MMDS consists of three major logical components: the backend, the data store, and the minimalist HTTP/TCP/IPv4 stack (named Dumbo). They all exist within the Firecracker process, and outside the KVM boundary; the first is a part of the API server, the data store is a global entity for a single microVM, and the last is a part of the device model.
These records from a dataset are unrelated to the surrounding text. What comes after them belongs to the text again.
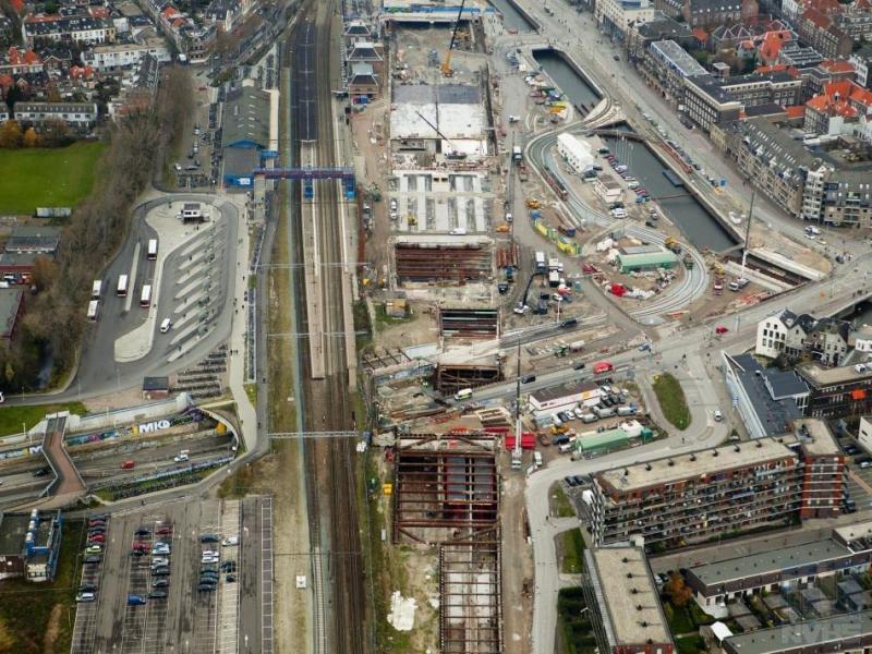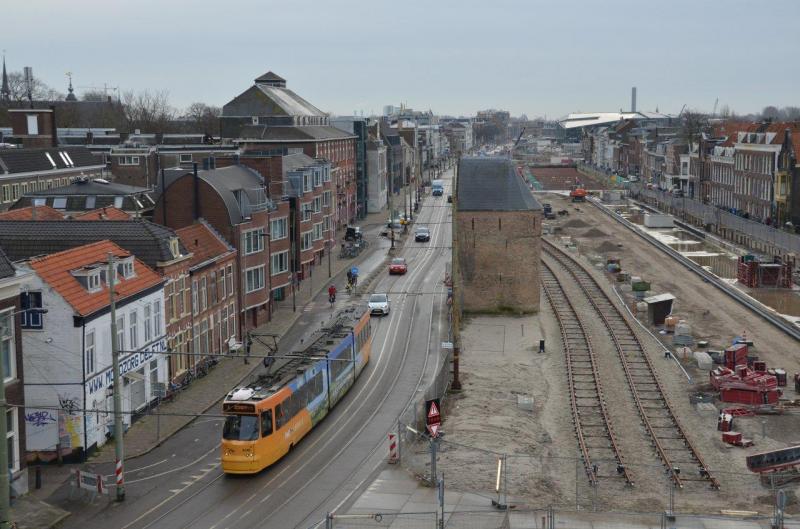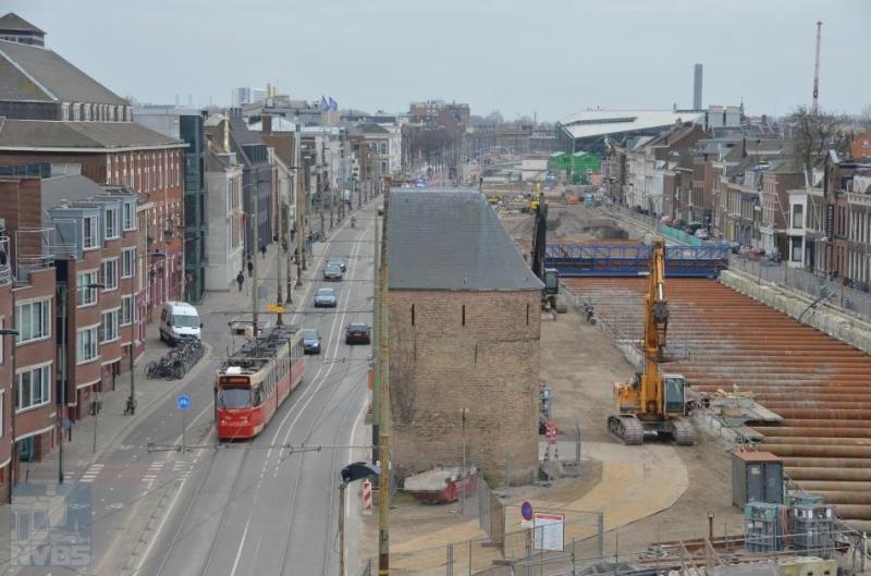 Deze foto laat de situatie zien van begin 2016. De tunnel is dan al een jaar in gebruik, dat wil zeggen met twee sporen. Deze ligt recht onder de Bagijnetoren op de voorgrond. Deze middeleeuwse toren, onderdeel van de stadsmuren, moest tijdelijk vijftien meter worden verplaatst voor de aanleg van de tunnel. De tram van lijn 1 rijdt nog steeds op het tijdelijk spoor. Rechts zien we de tweede tunnel voor spoor 3 en 4 en de parkeergarage in aanbouw: de vele vijzels moeten de muren behoeden voor instorting. In feite wordt het hele gebied tussen de beide huizenrijen ondertunneld. Raymond Naber heeft de foto op 19 maart 2016 gemaakt vanuit de molen De Roos, die op sommige dagen voor bezoekers geopend is.
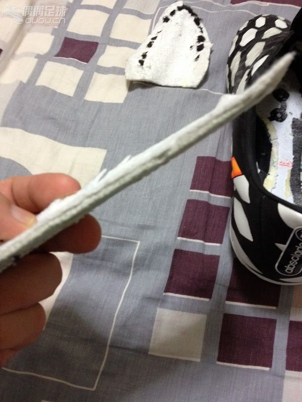 今天决定用一只先试一下,保留另一只原样,以便日后感受差异。先是暴力撕掉中底后半部分,很顺利。但前半部分尤其是接近鞋头位置,异常困难,粘贴实在牢固。动用了美工刀,在鞋腔里试图划断粘连部位,不慎却割破了大底TPU长达2厘米,哭啊!好在是在鞋头部位,后面打算试试有没有胶水能重新粘牢豁口(感觉希望不大)。下图中,被我中途剪断的中底,前半部分背面有黑点的地方,就是与大底粘贴非常牢固的地方。第二张图中,可见中底确实是两层,其中一层很软,完全覆盖大底。另一层类似半底,硬而坚固,美工刀划的时候有白色粉末掉下来。
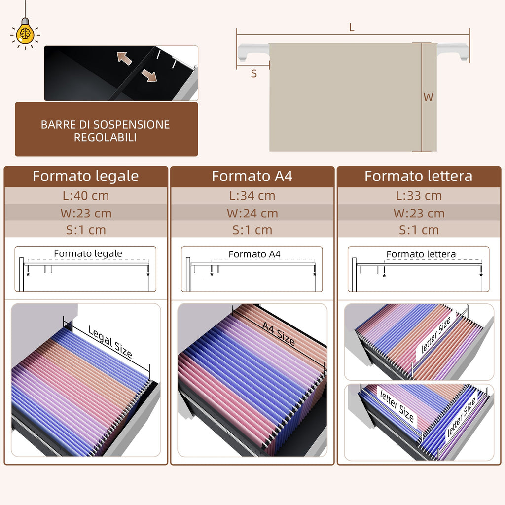 - ORGANIZZAZIONE: 2 piccoli cassetti con un vassoio per le matite offrono spazio extra nel nostro schedario per ufficio per riporre oggetti come come pinzatrici, forbici o carta per stampanti. Per evitare che i fogli importanti si accartoccino, il mobiletto da ufficio è dotato di una barra regolabile a 3 livelli nel cassetto grande, in modo da appendere le cartelle in formato lettera, A4 e legale
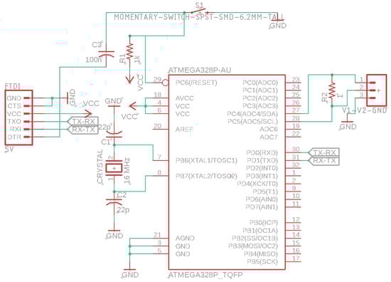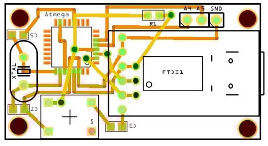 Initially, the design was developed on a platform, for the creation of the initial programming through ISP and specifically for the ATmega328P-AU microcontroller. Then the design with the following materials was implemented on a printed circuit board (PCB). The aforementioned ATmega328P-AU microcontroller is a low-power 8-bit CMOS MCU based on AVR-enhanced RISC architecture, allowing the system designer to optimize power consumption versus processing speed. We also used a two-level copper board and a 16-MHz crystal oscillator; one resistor, 0805 SMD 1 kOhm; one resistor, 0805 SMD 1 Ohm; two ceramic capacitors, 0805 SMD, 22 pF and 100 nF; for the restart of the circuit we used a Tact Switch SMD 4.5 × 4.5 mm 3.8 mm 4 pin. Finally, two pin headers, 1 × 3 female and 1 × 6 female right angle were used for the reception of the terminals. In addition, an FTDI module was added for better functionality, which was set to 5 Volts.
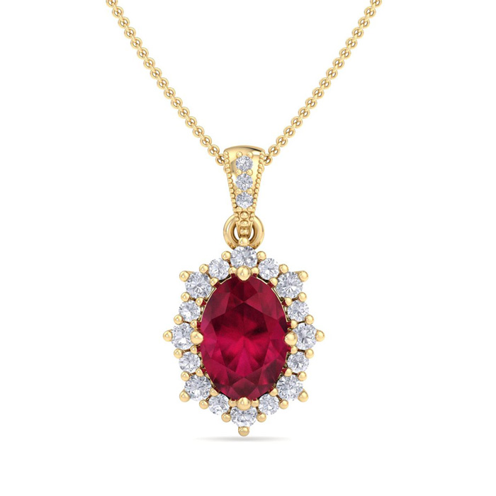 1 3/4 Carat Oval Shape Ruby and Diamond Necklace In 14K Yellow Gold
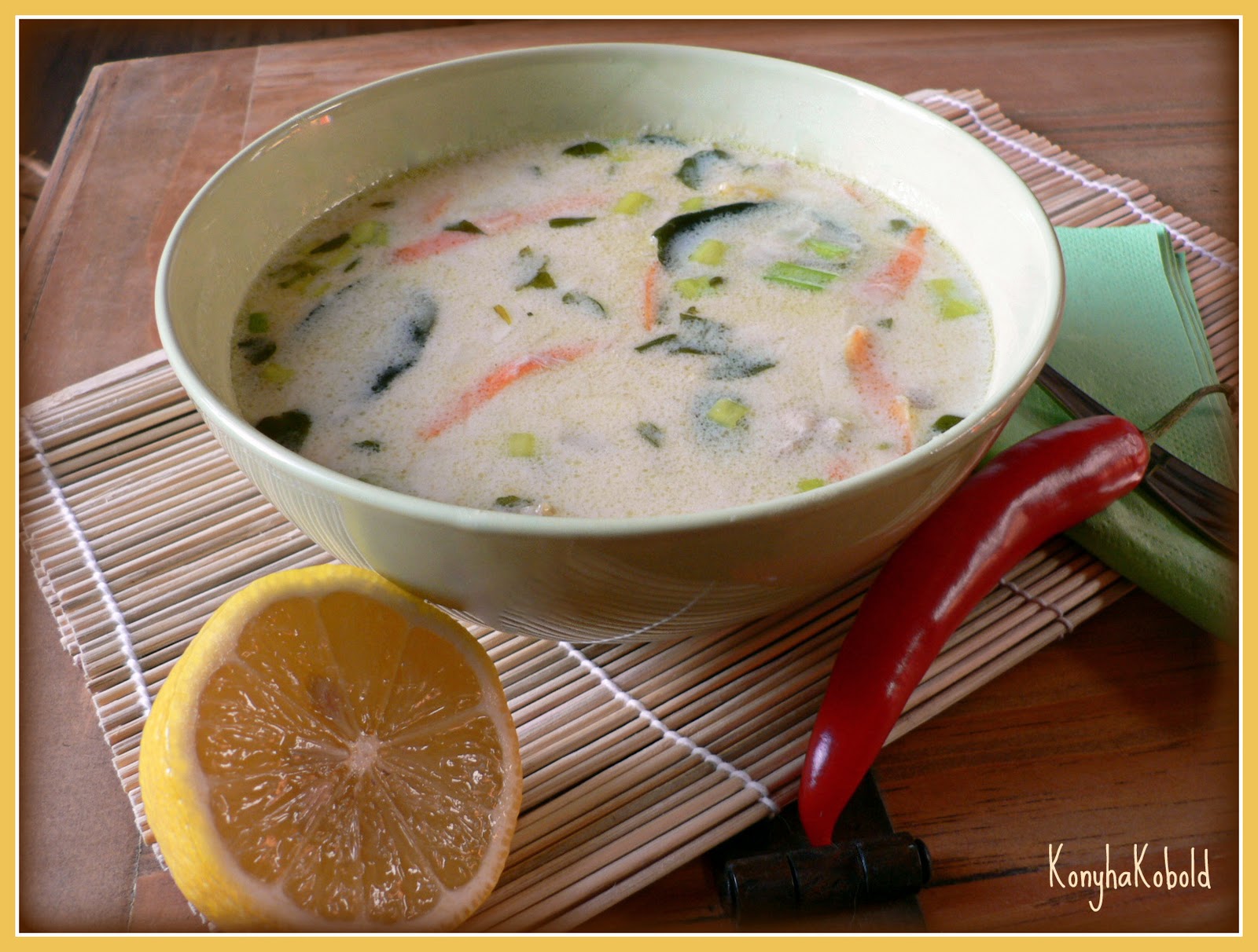 Az apróra vágott hagymát megfuttatom a szőlőmagolajon, majd hozzáteszem a fokhagymát, galangált, citromfüvet, lime levelet, chilit és kicsit párolom őket. Felöntöm a húsleves alaplével, beleteszem a csirkemellet és a mandulát. Mikor megpuhult a husi, takarékra veszem a lángot, és 10-15 perc múlva a már csak gyöngyöző vízbe öntöm a kókusztejet. Ez azért fontos, mert ha a forrásban lévő vízbe önteném, kicsapná és nem lenne homogén a leves.

Users can add/update the MMDS contents via the backend, which is accessible
through the Firecracker API. Setting the initial contents involves a PUT
request to the /mmds
API resource, with a JSON body that describes the desired
data store structure and contents. Here's a JSON example:
{
"latest": {
"meta-data": {
"ami-id": "ami-12345678",
"reservation-id": "r-fea54097",
"local-hostname": "ip-10-251-50-12.ec2.internal",
"public-hostname": "ec2-203-0-113-25.compute-1.amazonaws.com",
"network": {
"interfaces": {
"macs": {
"02:29:96:8f:6a:2d": {
"device-number": "13345342",
"local-hostname": "localhost",
"subnet-id": "subnet-be9b61d"
}
}
}
}
}
}
}
The MMDS contents can be updated either via a subsequent PUT
(that replaces
them entirely), or using PATCH
requests, which feed the JSON body into the
JSON Merge Patch functionality, based on
RFC 7396. MMDS related API requests come
from the host, which is considered a trusted environment, so there are no checks
beside the kind of validation done by HTTP server and serde-json
(the crate
used to de/serialize JSON). The size limit for the stored metadata is
configurable and defaults to 51200 bytes. When increasing this limit, one must
take into consideration that storing and retrieving large amount of data may
induce bottlenecks for the HTTP REST API processing, which is based on
micro-http
crate. MMDS contents can be retrieved using the Firecracker API,
via a GET
request to the /mmds
resource.
This is a global data structure, currently referenced using a global variable,
that represents the strongly-typed version of JSON-based user input describing
the MMDS contents. It leverages the recursive
Value type exposed by
serde-json
. It can only be accessed from thread-safe contexts. MMDS data store
supports at the moment storing and retrieving JSON values. Data store contents
can be retrieved using the Firecracker API server from host and using the
embedded MMDS HTTP/TCP/IPv4 network stack from guest. MMDS data store is upper
bounded to the value of the --mmds-size-limit
command line parameter. If left
unconfigured, it will default to the value of --http-api-max-payload-size
,
which is 51200 bytes by default.
The Dumbo HTTP/TCP/IPv4 network stack handles guest HTTP requests heading towards the configured MMDS IPv4 address. Before going into Dumbo specifics, it's worth going through a brief description of the Firecracker network device model. Firecracker only offers Virtio-net paravirtualized devices to guests. Drivers running in the guest OS use ring buffers in a shared memory area to communicate with the device model when sending or receiving frames. The device model associates each guest network device with a TAP device on the host. Frames sent by the guest are written to the TAP fd, and frames read from the TAP fd are handed over to the guest.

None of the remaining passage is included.